-- Problem to work on --
Below are the entries. Print only the lines starting at the one with "Um símbolo de" and ending at the one with "Πίνακας σε καμβά", exactly, with no pictures.

[Data records Boundary: Start]

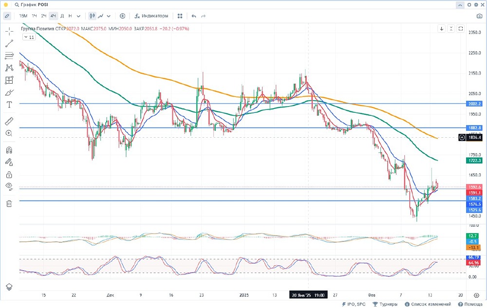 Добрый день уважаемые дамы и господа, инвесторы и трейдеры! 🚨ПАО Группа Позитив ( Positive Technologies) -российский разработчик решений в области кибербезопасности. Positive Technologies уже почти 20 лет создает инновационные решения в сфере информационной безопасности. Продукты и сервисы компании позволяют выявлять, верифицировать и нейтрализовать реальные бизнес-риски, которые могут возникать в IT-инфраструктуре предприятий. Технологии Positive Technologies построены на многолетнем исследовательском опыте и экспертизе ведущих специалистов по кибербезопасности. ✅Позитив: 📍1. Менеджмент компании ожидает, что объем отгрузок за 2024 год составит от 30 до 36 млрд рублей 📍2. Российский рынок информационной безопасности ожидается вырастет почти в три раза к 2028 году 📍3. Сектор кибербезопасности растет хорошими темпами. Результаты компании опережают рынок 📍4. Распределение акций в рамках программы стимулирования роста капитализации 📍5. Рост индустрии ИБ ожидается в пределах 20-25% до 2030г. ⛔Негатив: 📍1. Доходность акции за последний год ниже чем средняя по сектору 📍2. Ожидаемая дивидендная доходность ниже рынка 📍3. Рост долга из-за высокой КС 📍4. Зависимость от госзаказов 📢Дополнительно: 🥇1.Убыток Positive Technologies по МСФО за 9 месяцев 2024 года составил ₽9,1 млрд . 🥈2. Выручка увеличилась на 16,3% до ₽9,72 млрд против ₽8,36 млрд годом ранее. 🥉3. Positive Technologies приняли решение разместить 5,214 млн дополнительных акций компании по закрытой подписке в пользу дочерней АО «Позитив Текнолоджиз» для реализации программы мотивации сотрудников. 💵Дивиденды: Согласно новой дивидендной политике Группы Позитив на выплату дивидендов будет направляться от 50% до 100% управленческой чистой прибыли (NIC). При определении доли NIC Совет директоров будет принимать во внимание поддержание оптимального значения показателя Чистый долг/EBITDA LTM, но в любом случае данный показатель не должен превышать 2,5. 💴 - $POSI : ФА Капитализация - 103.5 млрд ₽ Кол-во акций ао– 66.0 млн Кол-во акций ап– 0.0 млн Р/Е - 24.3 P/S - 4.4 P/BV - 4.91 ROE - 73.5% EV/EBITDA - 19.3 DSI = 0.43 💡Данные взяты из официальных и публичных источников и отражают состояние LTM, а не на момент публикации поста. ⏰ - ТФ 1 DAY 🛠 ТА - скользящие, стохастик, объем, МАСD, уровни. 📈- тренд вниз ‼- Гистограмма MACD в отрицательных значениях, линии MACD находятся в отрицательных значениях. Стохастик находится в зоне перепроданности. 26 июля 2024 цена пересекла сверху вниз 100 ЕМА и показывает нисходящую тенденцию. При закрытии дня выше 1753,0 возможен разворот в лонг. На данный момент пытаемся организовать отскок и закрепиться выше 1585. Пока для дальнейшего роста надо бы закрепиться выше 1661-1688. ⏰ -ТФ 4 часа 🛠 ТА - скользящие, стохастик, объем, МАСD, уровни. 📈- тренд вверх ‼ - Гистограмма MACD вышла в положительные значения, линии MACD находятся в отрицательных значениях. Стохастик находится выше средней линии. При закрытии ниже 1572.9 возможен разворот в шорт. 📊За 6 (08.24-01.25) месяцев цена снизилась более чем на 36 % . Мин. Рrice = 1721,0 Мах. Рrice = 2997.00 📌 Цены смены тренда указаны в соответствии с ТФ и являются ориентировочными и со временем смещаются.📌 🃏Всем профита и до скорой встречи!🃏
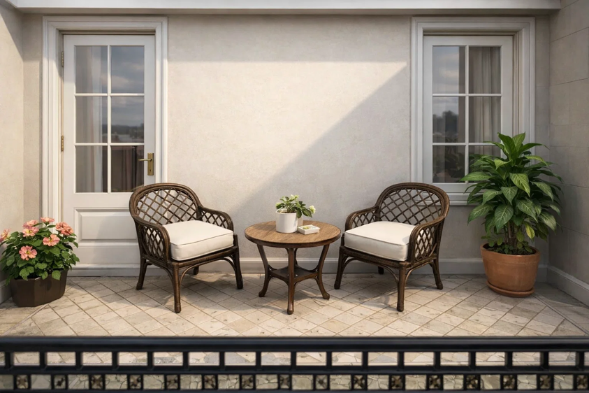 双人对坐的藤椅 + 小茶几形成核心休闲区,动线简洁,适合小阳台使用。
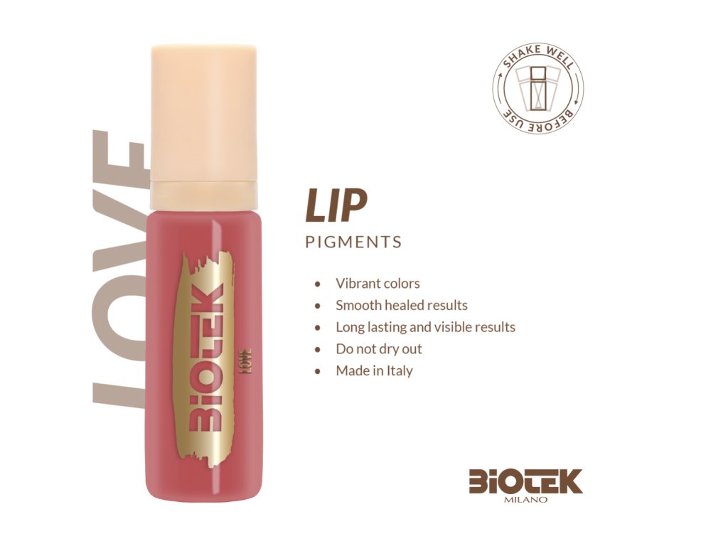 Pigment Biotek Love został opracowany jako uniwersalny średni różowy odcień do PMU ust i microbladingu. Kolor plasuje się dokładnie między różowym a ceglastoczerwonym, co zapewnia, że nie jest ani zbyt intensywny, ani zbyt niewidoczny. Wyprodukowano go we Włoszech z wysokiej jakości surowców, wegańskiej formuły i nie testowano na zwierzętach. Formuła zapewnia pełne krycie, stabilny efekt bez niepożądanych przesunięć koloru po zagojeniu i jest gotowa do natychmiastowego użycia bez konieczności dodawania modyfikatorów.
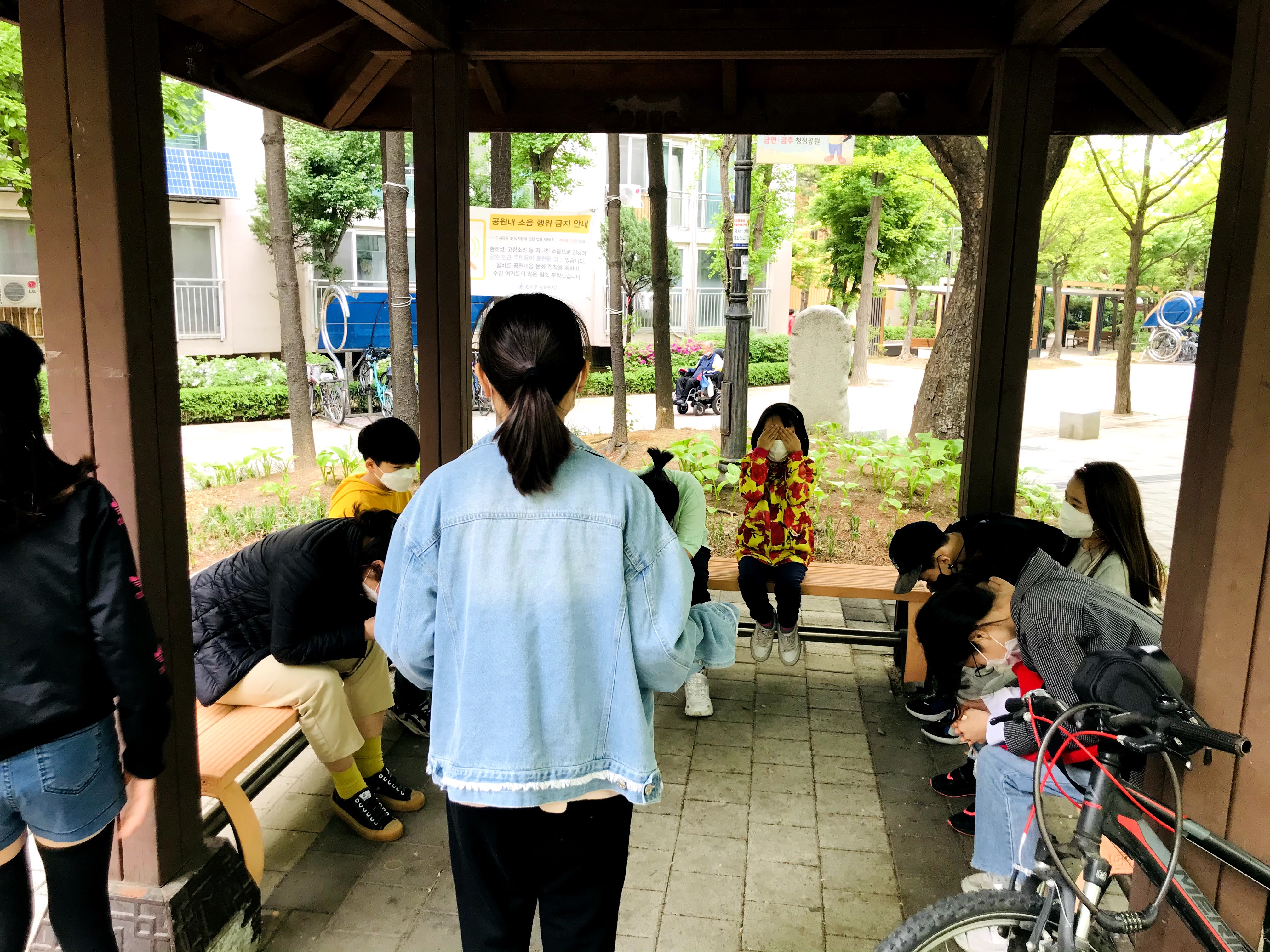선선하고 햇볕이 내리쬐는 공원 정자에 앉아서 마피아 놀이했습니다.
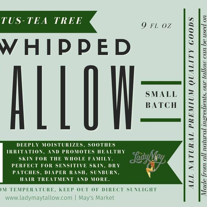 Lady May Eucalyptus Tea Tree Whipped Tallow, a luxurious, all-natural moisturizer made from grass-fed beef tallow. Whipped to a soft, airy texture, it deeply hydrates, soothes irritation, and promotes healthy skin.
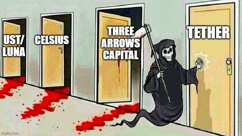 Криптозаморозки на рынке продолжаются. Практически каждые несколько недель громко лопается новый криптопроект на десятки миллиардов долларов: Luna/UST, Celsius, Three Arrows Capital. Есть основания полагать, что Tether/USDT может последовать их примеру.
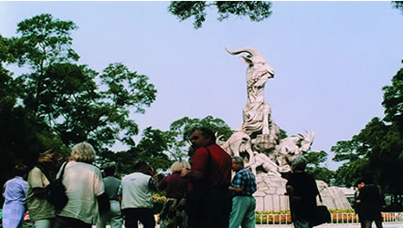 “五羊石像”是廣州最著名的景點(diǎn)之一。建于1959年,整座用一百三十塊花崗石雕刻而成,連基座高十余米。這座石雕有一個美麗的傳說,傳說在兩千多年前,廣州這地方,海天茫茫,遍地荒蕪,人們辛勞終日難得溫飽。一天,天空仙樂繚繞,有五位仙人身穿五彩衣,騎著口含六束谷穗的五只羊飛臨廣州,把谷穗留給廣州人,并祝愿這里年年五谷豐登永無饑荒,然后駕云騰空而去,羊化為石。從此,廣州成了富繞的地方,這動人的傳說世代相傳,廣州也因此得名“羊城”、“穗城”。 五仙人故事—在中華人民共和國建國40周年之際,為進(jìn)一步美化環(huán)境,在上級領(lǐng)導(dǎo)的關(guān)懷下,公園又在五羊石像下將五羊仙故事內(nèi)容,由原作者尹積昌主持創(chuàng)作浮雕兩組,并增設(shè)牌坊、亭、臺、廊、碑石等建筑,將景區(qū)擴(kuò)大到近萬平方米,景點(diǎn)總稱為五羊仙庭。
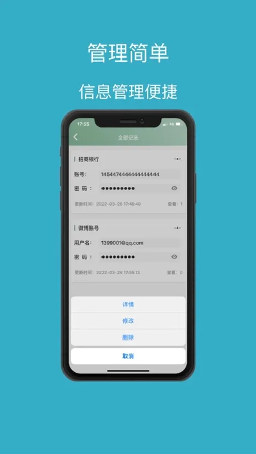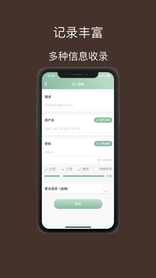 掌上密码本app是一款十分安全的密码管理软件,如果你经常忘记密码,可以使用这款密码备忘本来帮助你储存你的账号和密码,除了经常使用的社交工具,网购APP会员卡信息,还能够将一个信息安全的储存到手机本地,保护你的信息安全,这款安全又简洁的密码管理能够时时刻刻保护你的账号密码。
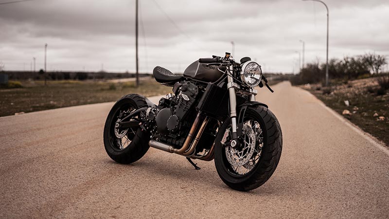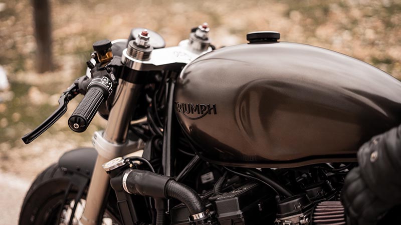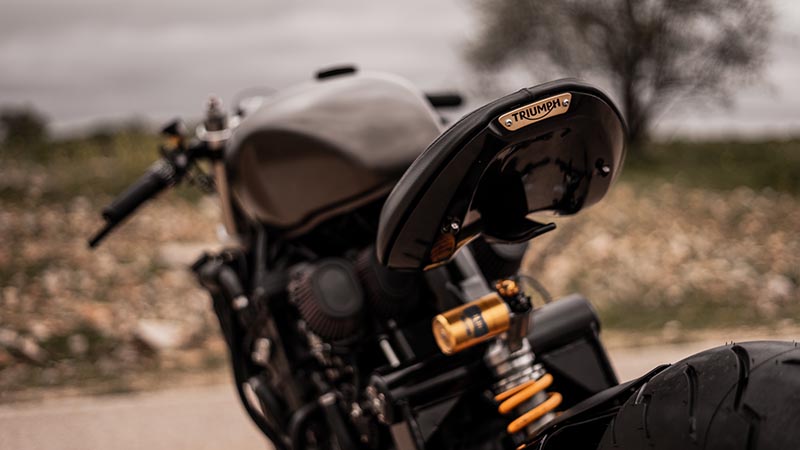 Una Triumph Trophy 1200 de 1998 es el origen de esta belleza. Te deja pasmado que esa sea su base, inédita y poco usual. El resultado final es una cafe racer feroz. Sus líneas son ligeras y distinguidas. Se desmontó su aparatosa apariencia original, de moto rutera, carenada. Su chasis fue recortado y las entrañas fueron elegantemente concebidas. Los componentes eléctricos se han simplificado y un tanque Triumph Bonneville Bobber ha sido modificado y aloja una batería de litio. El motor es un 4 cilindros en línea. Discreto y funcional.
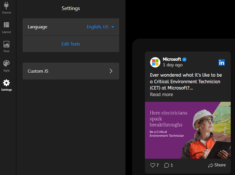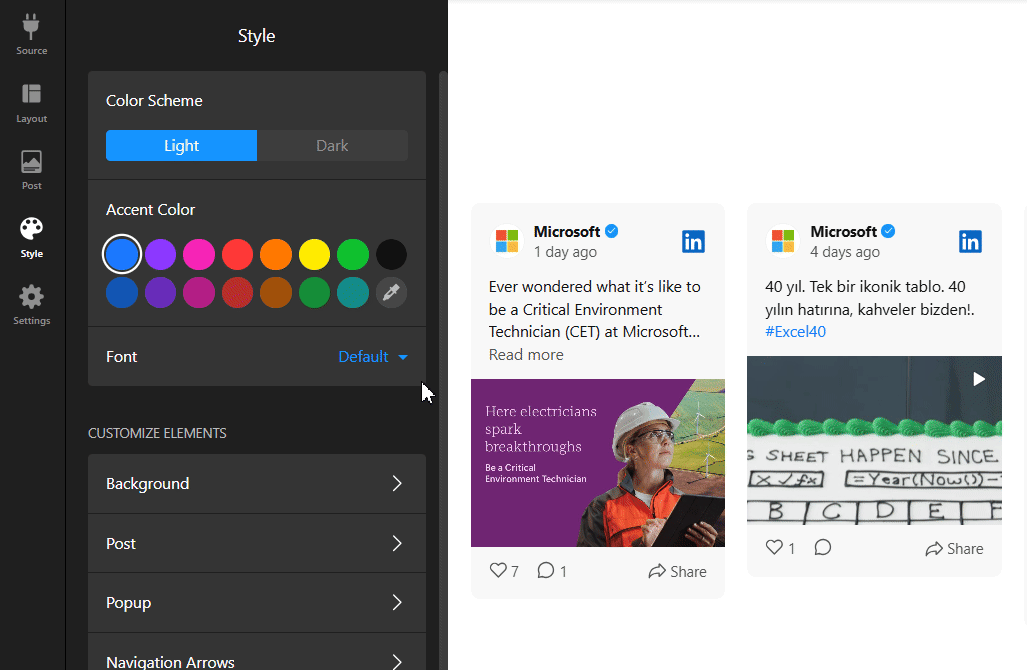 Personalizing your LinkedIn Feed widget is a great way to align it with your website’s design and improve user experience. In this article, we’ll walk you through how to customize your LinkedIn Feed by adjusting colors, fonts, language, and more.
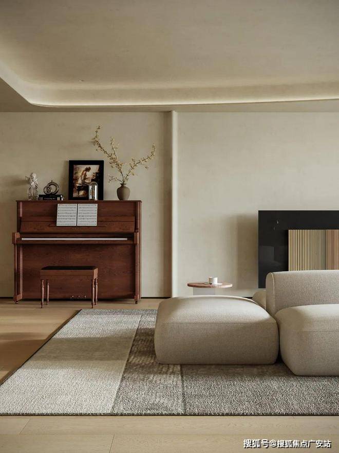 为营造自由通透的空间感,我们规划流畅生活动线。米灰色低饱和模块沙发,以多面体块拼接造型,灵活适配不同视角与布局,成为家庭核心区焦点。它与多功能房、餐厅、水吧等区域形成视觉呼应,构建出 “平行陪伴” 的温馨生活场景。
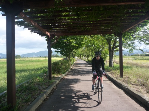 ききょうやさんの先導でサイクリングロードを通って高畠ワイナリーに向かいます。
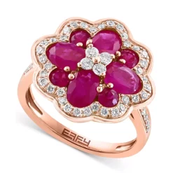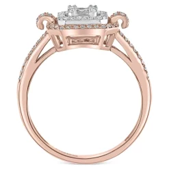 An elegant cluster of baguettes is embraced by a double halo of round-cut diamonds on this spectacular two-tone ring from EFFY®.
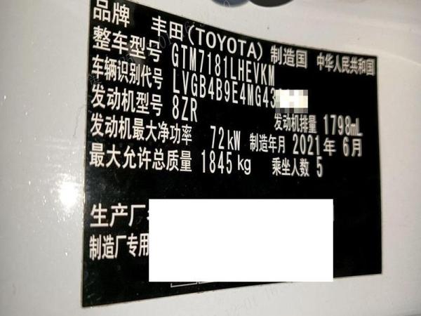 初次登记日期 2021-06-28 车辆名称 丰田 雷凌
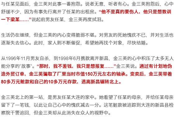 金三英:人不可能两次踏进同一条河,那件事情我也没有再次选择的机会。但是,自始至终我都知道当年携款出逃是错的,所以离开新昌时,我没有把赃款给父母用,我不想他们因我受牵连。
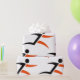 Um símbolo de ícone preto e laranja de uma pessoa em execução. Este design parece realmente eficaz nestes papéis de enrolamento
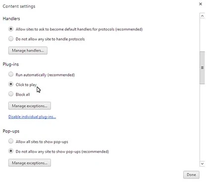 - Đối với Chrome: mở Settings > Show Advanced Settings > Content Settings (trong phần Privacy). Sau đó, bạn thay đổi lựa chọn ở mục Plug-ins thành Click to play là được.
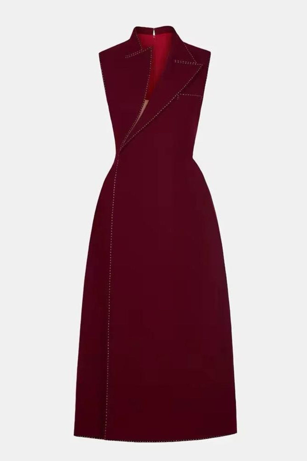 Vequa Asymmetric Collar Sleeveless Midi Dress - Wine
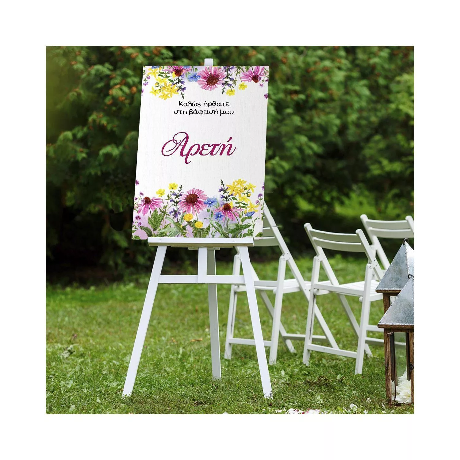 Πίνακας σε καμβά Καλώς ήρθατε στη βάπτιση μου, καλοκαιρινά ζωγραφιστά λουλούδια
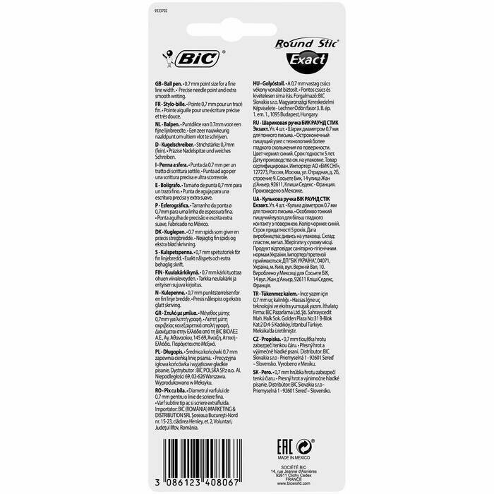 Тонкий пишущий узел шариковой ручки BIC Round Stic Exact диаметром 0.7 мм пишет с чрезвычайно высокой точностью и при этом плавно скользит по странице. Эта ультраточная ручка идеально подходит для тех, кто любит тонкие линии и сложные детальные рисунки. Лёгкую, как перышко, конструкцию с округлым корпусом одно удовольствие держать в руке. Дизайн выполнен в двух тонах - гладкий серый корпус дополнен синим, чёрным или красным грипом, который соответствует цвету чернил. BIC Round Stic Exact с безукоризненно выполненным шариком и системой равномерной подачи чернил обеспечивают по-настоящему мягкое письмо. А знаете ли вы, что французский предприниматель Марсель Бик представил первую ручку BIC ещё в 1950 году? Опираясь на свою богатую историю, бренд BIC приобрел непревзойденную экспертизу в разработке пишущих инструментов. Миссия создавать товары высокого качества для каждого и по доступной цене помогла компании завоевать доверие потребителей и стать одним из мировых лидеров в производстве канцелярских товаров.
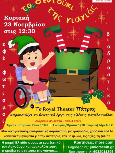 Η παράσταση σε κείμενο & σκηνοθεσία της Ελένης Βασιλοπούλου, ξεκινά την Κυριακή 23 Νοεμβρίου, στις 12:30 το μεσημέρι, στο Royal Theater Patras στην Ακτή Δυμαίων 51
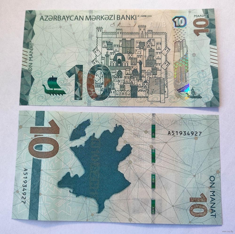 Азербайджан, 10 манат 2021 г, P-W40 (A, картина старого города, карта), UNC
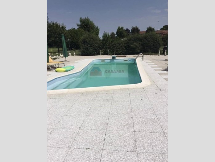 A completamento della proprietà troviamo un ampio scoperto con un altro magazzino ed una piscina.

[Data records Boundary: End]

-- Solution to the exercise --
 Um símbolo de ícone preto e laranja de uma pessoa em execução. Este design parece realmente eficaz nestes papéis de enrolamento
 - Đối với Chrome: mở Settings > Show Advanced Settings > Content Settings (trong phần Privacy). Sau đó, bạn thay đổi lựa chọn ở mục Plug-ins thành Click to play là được.
 Vequa Asymmetric Collar Sleeveless Midi Dress - Wine
 Πίνακας σε καμβά Καλώς ήρθατε στη βάπτιση μου, καλοκαιρινά ζωγραφιστά λουλούδια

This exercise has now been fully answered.